Aug 17 '24 15:08 ishaan-jaff

Thank you, @ishaan-jaff. I'll proceed with using the REST API and the httpx handler from litellm.

Aug 17 '24 15:08 haadirakhangi

Hi @ishaan-jaff,

I've implemented Qdrant Semantic Caching using their REST API and added the 'PUT' method to http_handler.py, as it was required for certain actions with Qdrant. You can refer to their API documentation here: Qdrant API Reference.

I’ve tested the implementation on both Qdrant Cloud cluster instances and local cluster instances, and everything is functioning as expected. Could you please guide me on how to properly add tests for this PR?

Aug 19 '24 15:08 haadirakhangi

hi @haadirakhangi looks awesome thanks for the work on this

Aug 19 '24 17:08 ishaan-jaff

Could you please guide me on how to properly add tests for this PR?

what guide are you looking for? Check out test_caching.py -> that should be a good starting point

just add testing for litellm.acompletion + litellm.acompletion with streaming for this PR @haadirakhangi

Aug 19 '24 17:08 ishaan-jaff

can you share a screenshot of both tests working for you locally ?

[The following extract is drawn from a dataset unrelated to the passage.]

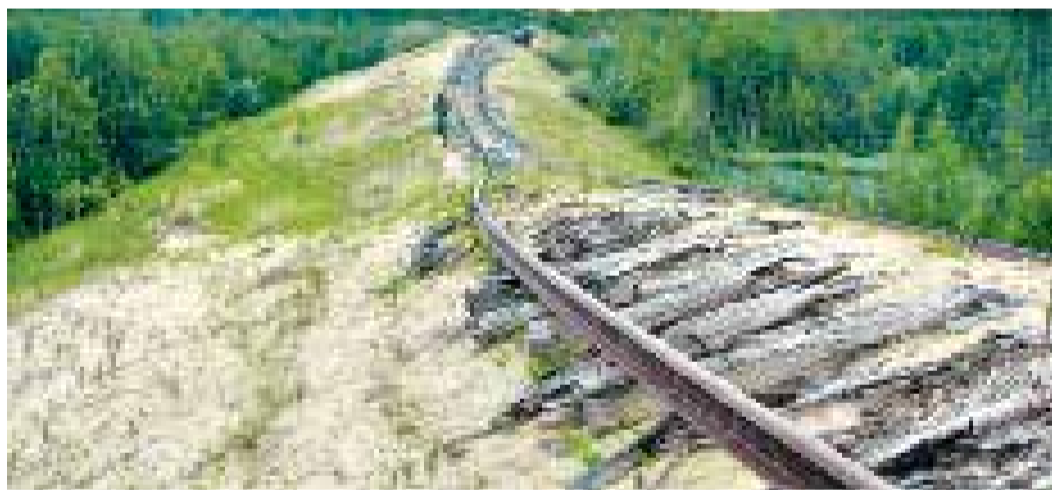
Трансполярная магистраль сегодня. Перегон Салехард — Надым

Aug 19 '24 19:08 ishaan-jaff

@ishaan-jaff Added the two mentioned tests in the test_caching.py file. Please go through it and let me know if there are any changes!

Aug 19 '24 19:08 haadirakhangi

can you share a screenshot of both tests working for you locally ?

Sure! Here are the screenshots you asked for:

Testing with acompletion:

Testing with acompletion + streaming:

Also, I will adjust the testing as said.

Aug 19 '24 19:08 haadirakhangi

merging this, I will take care of:

making sure testing passes on ci/cd
the issues @krrishdholakia pointed out on message["content"]
Adding docs on using with litellm proxy
removing the need for host_type

Aug 21 '24 15:08 ishaan-jaff

cc @haadirakhangi thanks for the amazing work 👑

Aug 21 '24 15:08 ishaan-jaff

Thanks @ishaan-jaff, I'm glad to contribute! 😄

Aug 21 '24 16:08 haadirakhangi